Work order -
From the records that follow, return exactly the lines beginning at the one that contains "ДИСК ТОРМОЗНОЙ С" and ending at the one that contains "USB Wired RGB", pictures left out.

Records provided -

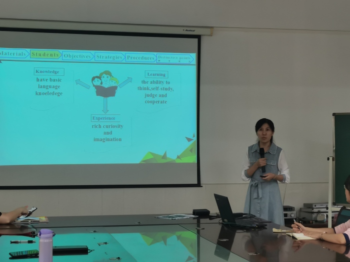 接着,科组老师共同观摩了李灵燕老师和陈慧晶老师的说课和讲故事的展示。本次说课绘本主题是Fat Cat’s Busy Day,李老师的说课环节紧凑、语言流畅、重难点突出,讲故事环节语言生动、表演性强,美中不足的是略有超时;陈老师的说课详略得体、板书的设计较好、时间掌控较为合理,讲故事环节表情丰富、趣味性强,但说课过程的流畅度需要加强。
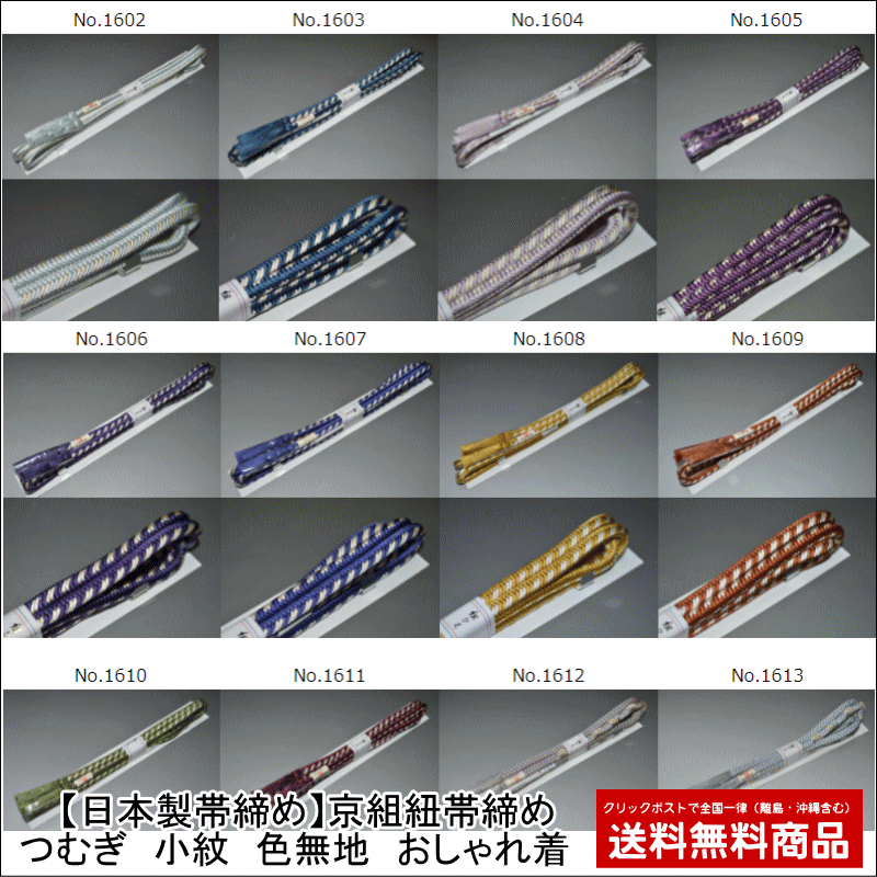 【送料無料】【期間限定】【日本製帯締め】京組紐帯締め(No.1602からNo.1613)つむぎ 小紋 色無地 おしゃれ着 【キモノ仙臺屋の和装小物特集】【お茶会帯締め】【お稽古帯締め】【踊り帯締め】
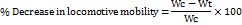 The average percentage decrease in locomotive mobility (i. e., locomotive activity values) after 30 min and 45 min of drug treatment was calculated using the preceding formula.
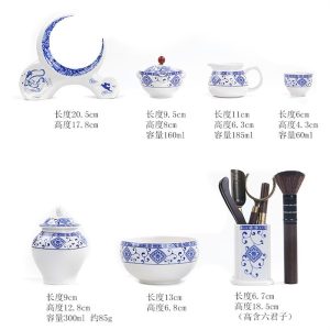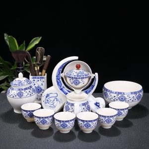 The Elegant Blue and White Porcelain Lazy Semi Automatic Tea Set comes in two configurations: the 8-piece set and the 11-piece set. The 8-set includes everything you need for a simple tea ceremony, including 6 teacups, 1 teapot with base, and 1 fair cup. The 11-set adds a tea caddy, tea utensils, and a tea washer, perfect for those who want a complete tea experience. If you’re looking for a more intricate set, consider our vintage dragon tea set.
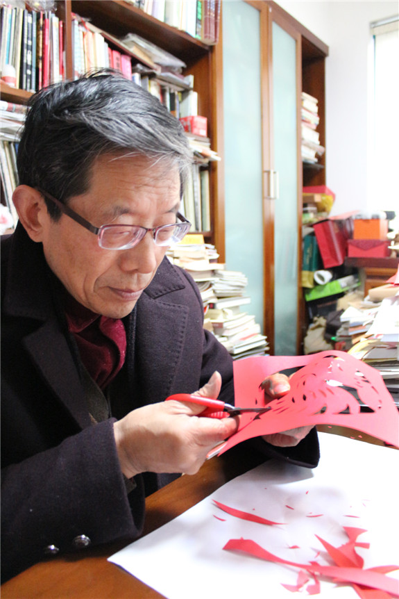 “这是我们黄岩的蜜橘。”我区民间艺术家沈雷指着一张剪纸作品四角的椭圆形图案告诉记者。每年过年前,沈雷都会创作生肖剪纸作品迎接新年,今年也不例外。一张四四方方的红纸中间,一只公鸡作啼叫状,栩栩如生;四角上有一些椭圆形的图案,正是沈雷所指的黄岩蜜橘。
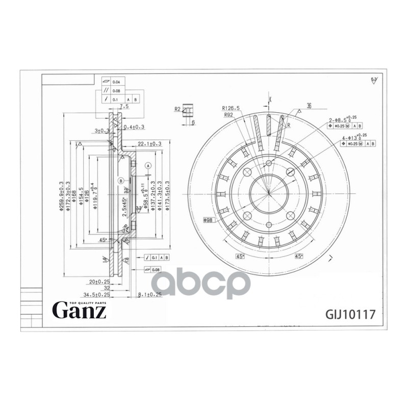 ДИСК ТОРМОЗНОЙ С ПОКРЫТИЕМ ВАЗ 2110, 1118, 2170, 2190 R-14 LADA 2110 / KALINA / PRIORA / GRANTA GAN.
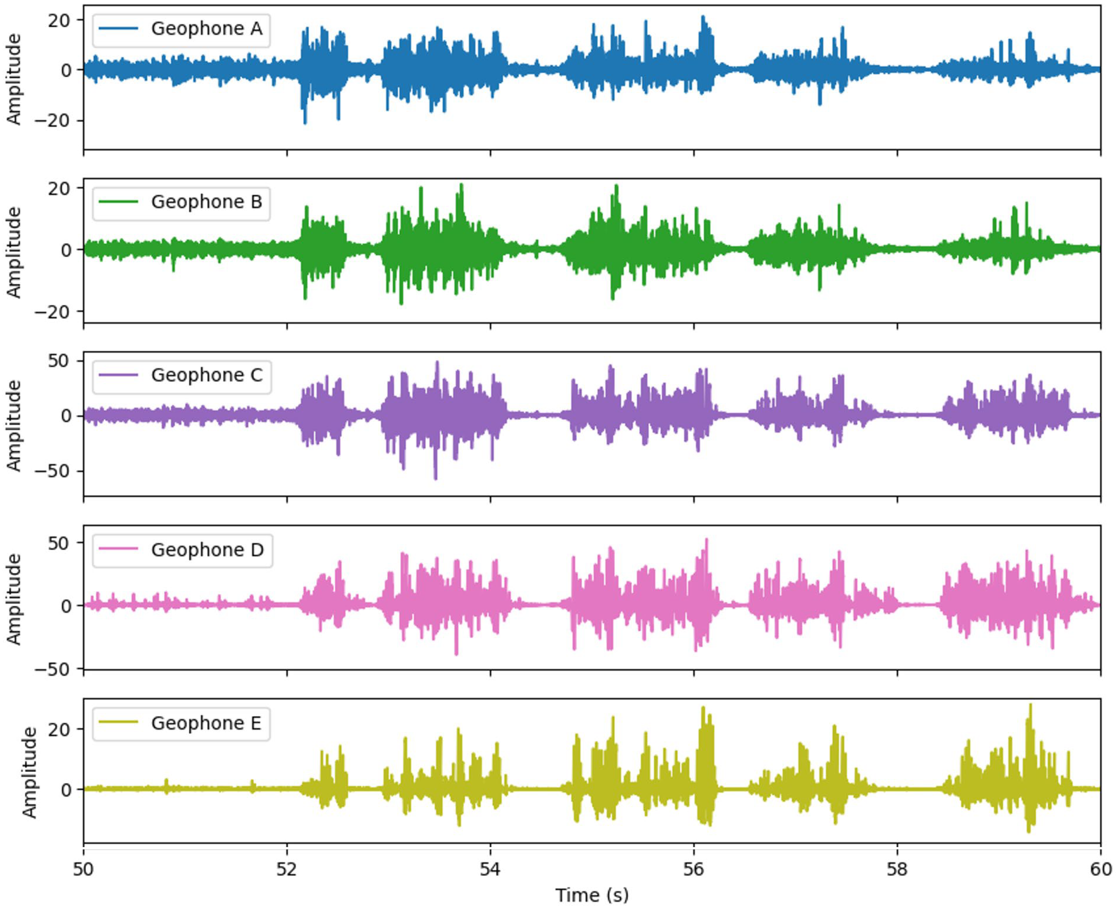 Table 2. Depending on the location of the sensors, the frequency and amplitude seemed to differ. This suggests that the location of the sensors is not an issue, but the intensity of the signals could vary. Therefore, in the current experiment, within the tested condition in the laboratory, the location of the seismic sensors has a lesser impact on interface identification.
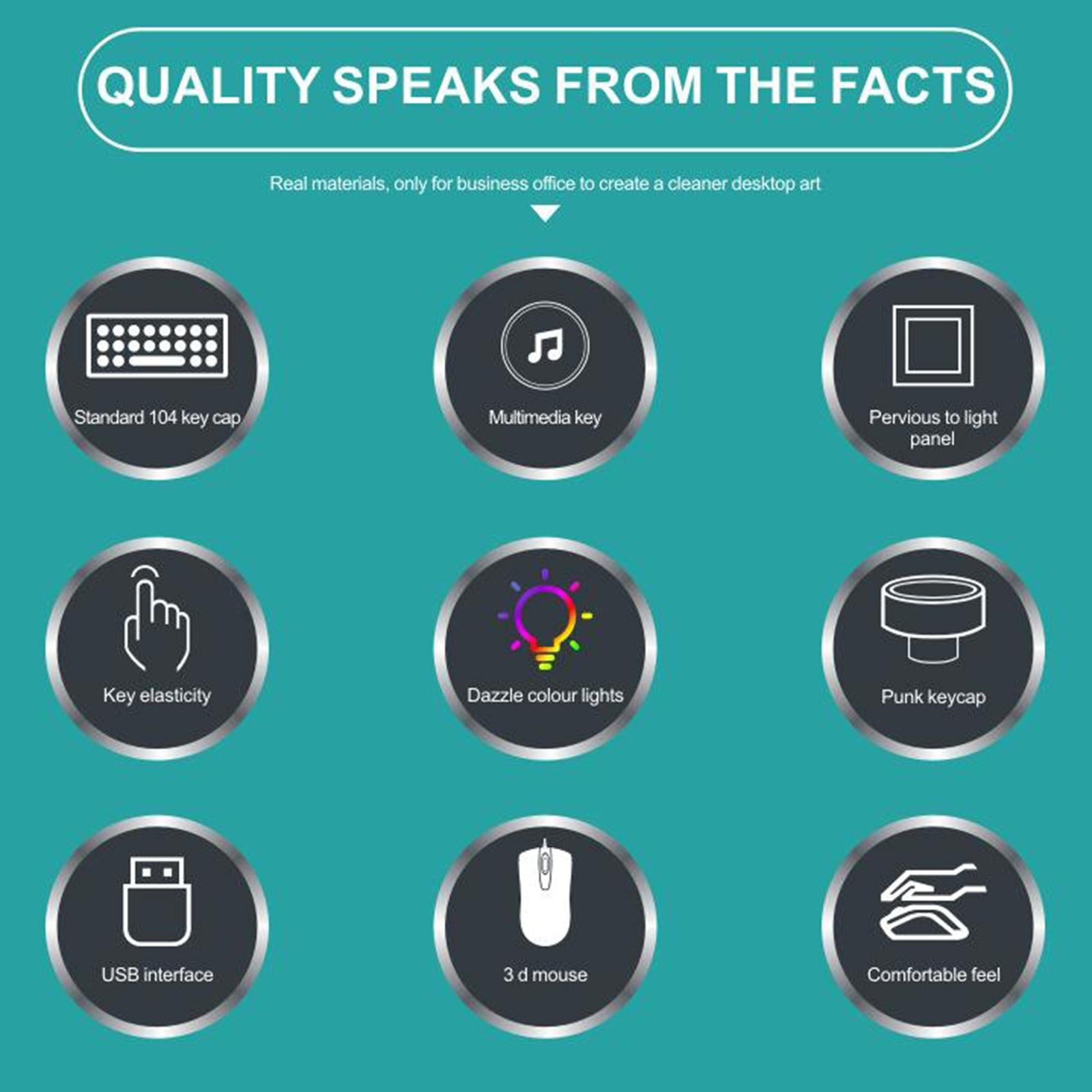 USB Wired RGB Rainbow LED Backlit Gamer Mouse and Keyboard Set White
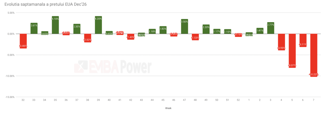 Saptamana trecuta s-a incheiat cu pierderi semnificative pe piata europeana a carbonului, contractul EUA Dec’26 stabilindu-se la 70,68 euro, cel mai scazut nivel de inchidere din inceputul lunii mai 2025. Pretului carbonului a scazut cu 10% fata de vinerea anterioara, marcand cea mai abrupta scadere saptamanala din ultimii doi ani si prelungind seria de pierderi la patru saptamani consecutive.
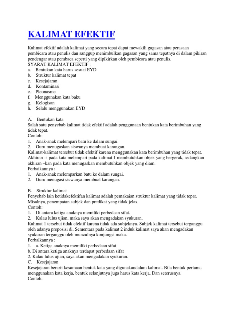 Makalah Bahasa Indonesia (EYD Dan Kalimat Efektif) from imgv2-1-f.scribdassets.com Kalimat efektif adalah kalimat yang disusun berdasarkan kaidah penulisan yang berlaku, sehingga mampu menyampaikan pesan, gagasan dan perasaan kepada orang lain sesuai keinginan penutur. Resume adalah cara efektif untuk melakukannya. Kalimat efektif tidak akan menjadi efektif tanpa pemahaman terhadap eyd dan tanda baca. Kalimat efektif adalah sebuah kalimat yang dapat dipahami serta membangkitkan gagasan atau ide yang dimiliki pendengar. Penggunaan kalimat efektif perlu diperhatikan baik dalam tulisan maupun secara lisan. Kalimat efetif tepat sasaran meninggalkan pengaruh menimbulkan pesan menerbitkan akibat a=a ciri 1. Pentingnya pembelajaran kalimat efektif dilakukan untuk mengasah kemampuan mahasiswa dalam mengungkapkan gagasan yang dapat langsung dipahami oleh pembaca/pendengar tanpa. Kalimat efektif merupakan kalimat dengan unsur yang utuh dan tepat.
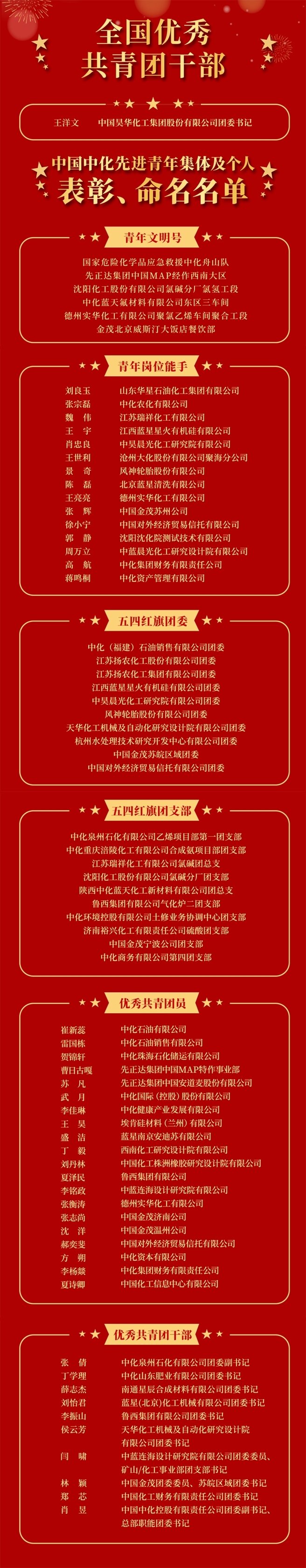 在五四青年節(jié)到來之際,為慶祝中國共產(chǎn)主義青年團成立100周年,充分發(fā)揮青年先進典型示范作用,激勵公司各級團組織和廣大青年建功立業(yè)、成長成才,經(jīng)層層推薦選拔,中國中化命名青年文明號6個,評選出青年崗位能手15人、五四紅旗團委10個、五四紅旗團支部10個、優(yōu)秀共青團干部10人、優(yōu)秀共青團員20人。公司1名團干部獲全國優(yōu)秀共青團干部稱號。 這些獲表彰的先進青年和集體在生產(chǎn)經(jīng)營主戰(zhàn)場、科技創(chuàng)新最前沿、重點項目第一線、國際化經(jīng)營大舞臺、基層實踐大熔爐中貢獻才智、實干苦干、沖鋒在前,充分發(fā)揮了青年生力軍和突擊隊作用,以青春建功獻禮黨的二十大,以昂揚姿態(tài)奮進偉大新征程。
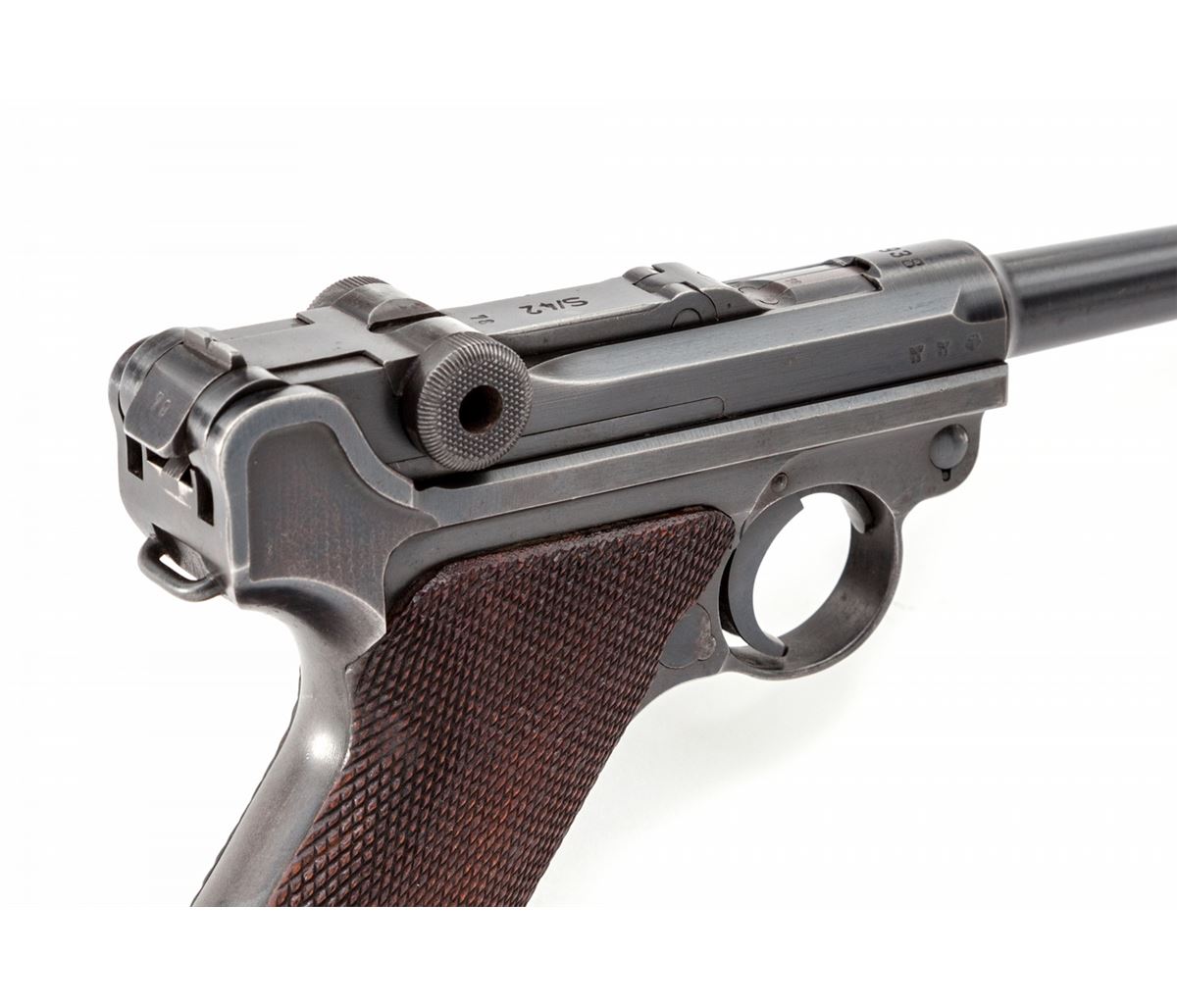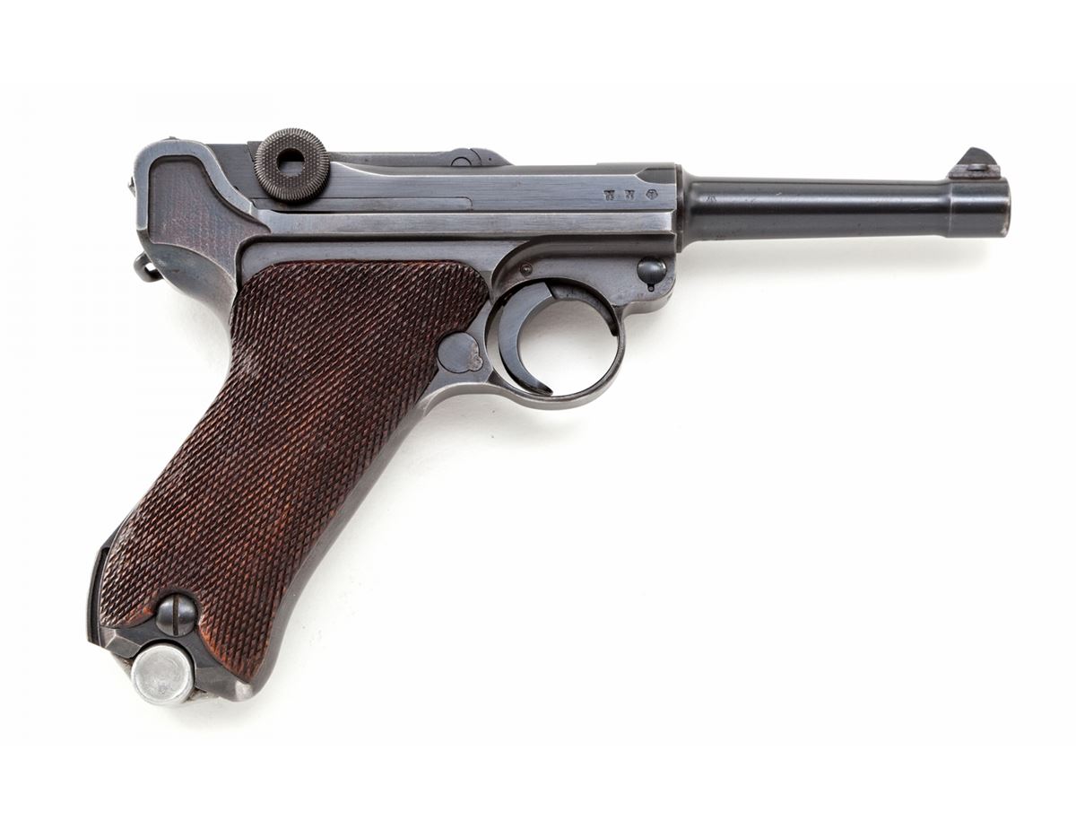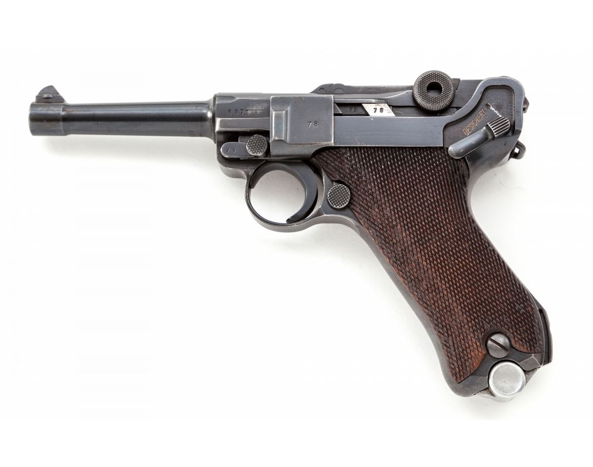 Mauser S/42 (1938) Luger, #6678m, 9mm, 4'' barrel, blue finish, checkered walnut grips, with one matching blue-bodied aluminum based magazine. Chamber marked 1938, toggle marked ''S/42'', ''Gesichert'' and ''Geladen'' marked safety and extractor, with ''(eagle)/63'' and ''83'' military acceptance markings. Condition is excellent retaining approx. 97% blue with light high edgewear at muzzle and top and right side edge of sideplate. Minor thinning to front and backstrap. Grips show light to just moderate flattening, specifically to left panel. Action is crisp, bore is bright. Est.: $2,000-$3,000. (C&R)
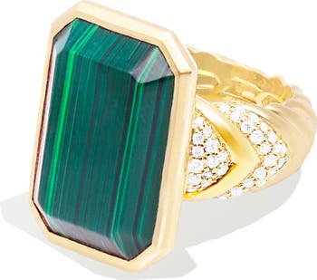This bold cocktail ring from the Spark Collection features a custom emerald cut shape in malachite combined with striking pave-set diamond detailing. It features a stunning solid piece of malachite cut by hand and meticulously set into a 14k gold bezel. The wide band features signature ribbing in a chevron pattern for a textural and dramatic effect.
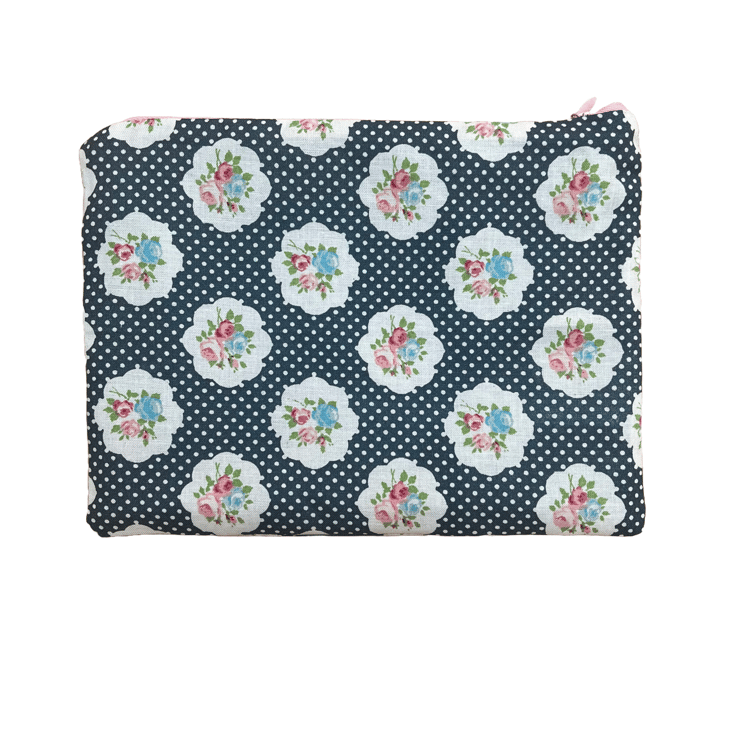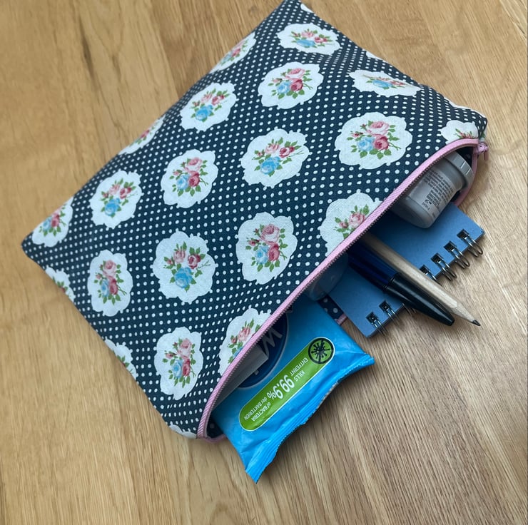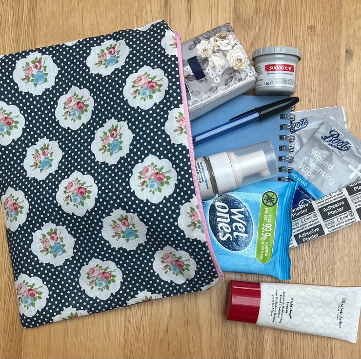 Meet a bag essential (contents not included!). One of my Get Sorted Bags range, this cute blue spotty flower design bag measures 22.5cm x 17cm (approx). It is fully lined in a coordinating blue spotty fabric and has a pink zip fastening. Suitable for lots of uses but I like to keep one on hand with some, get me out of trouble, essentials. For a small bag you can fit in a fair few things! Could also be used as a pencil case, snack bags, cosmetic bag. As with all my designs this bag has been lovingly designed and handmade by me and no one else will ever have exactly the same item! I do have a larger co-ordinating bag in this fabric available if you are looking for a matching set or larger version.

Completed task -
 ДИСК ТОРМОЗНОЙ С ПОКРЫТИЕМ ВАЗ 2110, 1118, 2170, 2190 R-14 LADA 2110 / KALINA / PRIORA / GRANTA GAN.
 Table 2. Depending on the location of the sensors, the frequency and amplitude seemed to differ. This suggests that the location of the sensors is not an issue, but the intensity of the signals could vary. Therefore, in the current experiment, within the tested condition in the laboratory, the location of the seismic sensors has a lesser impact on interface identification.
 USB Wired RGB Rainbow LED Backlit Gamer Mouse and Keyboard Set White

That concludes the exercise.